Packaged Food Policies and Double Standards
A much more current and consumer-relevant dimension of gastronomic politics is the differentiation of packaged foods by country. The same product from the same brand, under the same name, can be produced with different ingredients depending on the country it's exported to. For example, while the packaging of a product sold in the European market by one of Turkey's leading snack brands highlights the phrase "does not contain palm oil," the version of the same product in the Turkish market contains palm oil. Similarly, chocolates sent to India may be sweeter and spicier, while versions sent to Europe might be more bitter. McDonald's special McTurco menu for Turkey, Ramadan iftar menus, or special vegetarian menus for India are clear examples of this market segmentation. While some of these practices can be defended as cultural adaptation, situations where food safety decisions differ by country lead to much more controversial issues for consumers.
Lack of Transparency in the Food Chain
An incident in the egg supply chain in recent years directly illustrates this discussion: a substance classified as carcinogenic and banned internationally in agriculture since 1980 was detected in a batch of eggs exported from Turkey to Tunisia. Tunisia returned this batch.
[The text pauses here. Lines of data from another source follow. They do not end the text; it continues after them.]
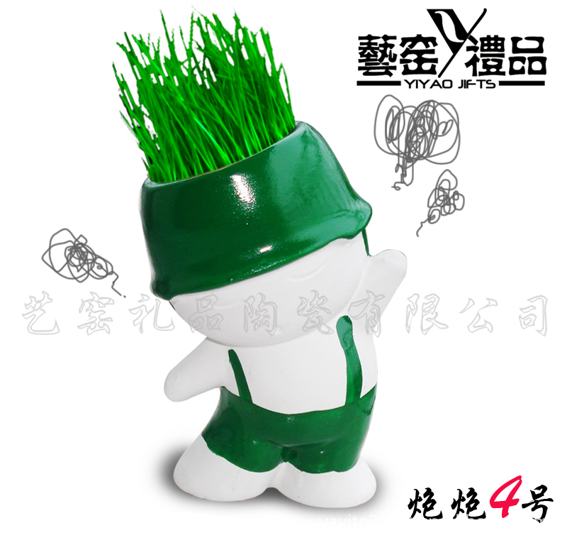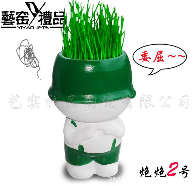 德化陶瓷工藝 創意新奇產品 桌面擺設新款青草種植兵哥 小白人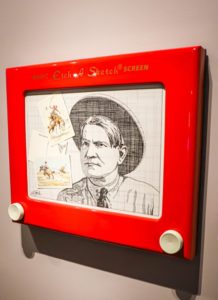 Close to Michael Blessing’s art was another mixed media art piece that was, well…just plain cool. Ben Steele’s Drop Me a Line looks like an extremely large etch a sketch of Charlie Russell. In reality, it is an oil painting, and an automotive manufacture made the etch a sketch frame precisely for this piece.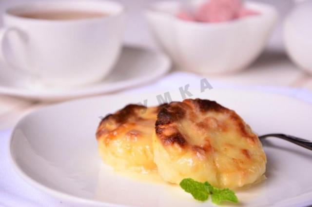Сырники выкладываем в форму и заливаем соусом, он должен на половину покрывать сырники. Форму ставим в духовку и доводим соус до кипения. Выключаем и подаем.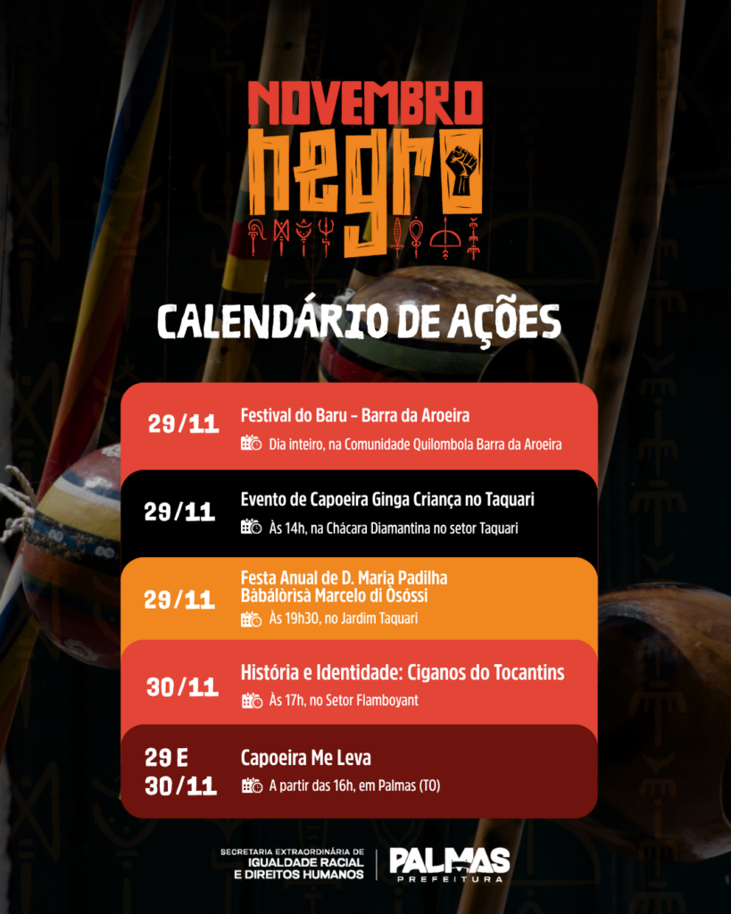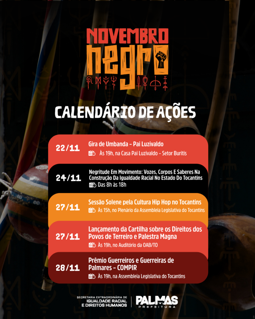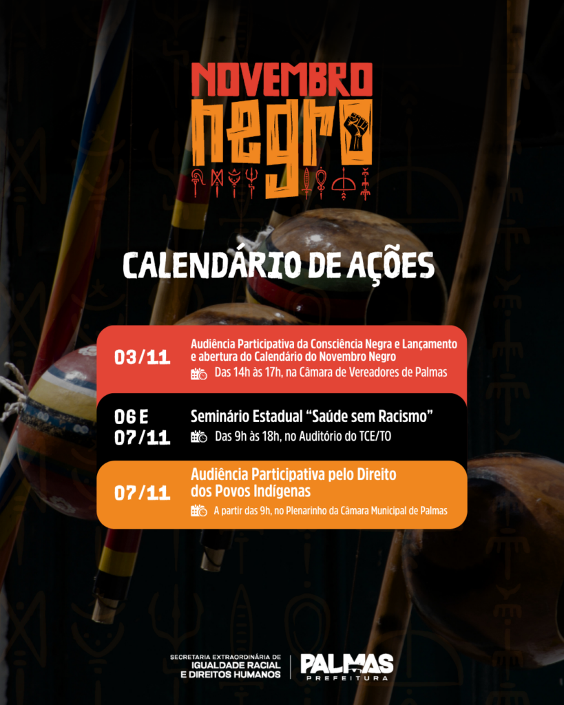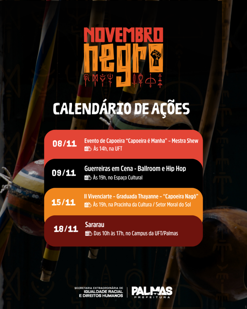 A Prefeitura de Palmas, por meio da Secretaria Extraordinária de Igualdade Racial e Direitos Humanos (Seirdh), consolidou o calendário oficial do Novembro Negro 2025, que reúne mais de 30 atividades coordenadas por 35 instituições que compõem o Comitê Municipal de Promoção da Igualdade Racial.

However, no clear information was provided to the public regarding whether the returned batch was destroyed, by what procedure it was destroyed if it was, or whether it was re-released into the domestic market. Such uncertainties always keep alive the suspicion of transparency in the food chain and double standards between the domestic market and export markets.
The story of the croissant opens up a much broader discussion than just the origin of a single product. The incompatibility of culinary history with nation-state borders, how misleading the question of "whose?" actually is in gastronomy, how social media distorts taste memory, and how the global food chain shows different faces to consumers are the main branches of this discussion. A legend constructed around the Siege of Vienna is still believed to be true even three and a half centuries later. Unfortunately, the smaller, true realities of history continue to be overshadowed by smaller misconceptions.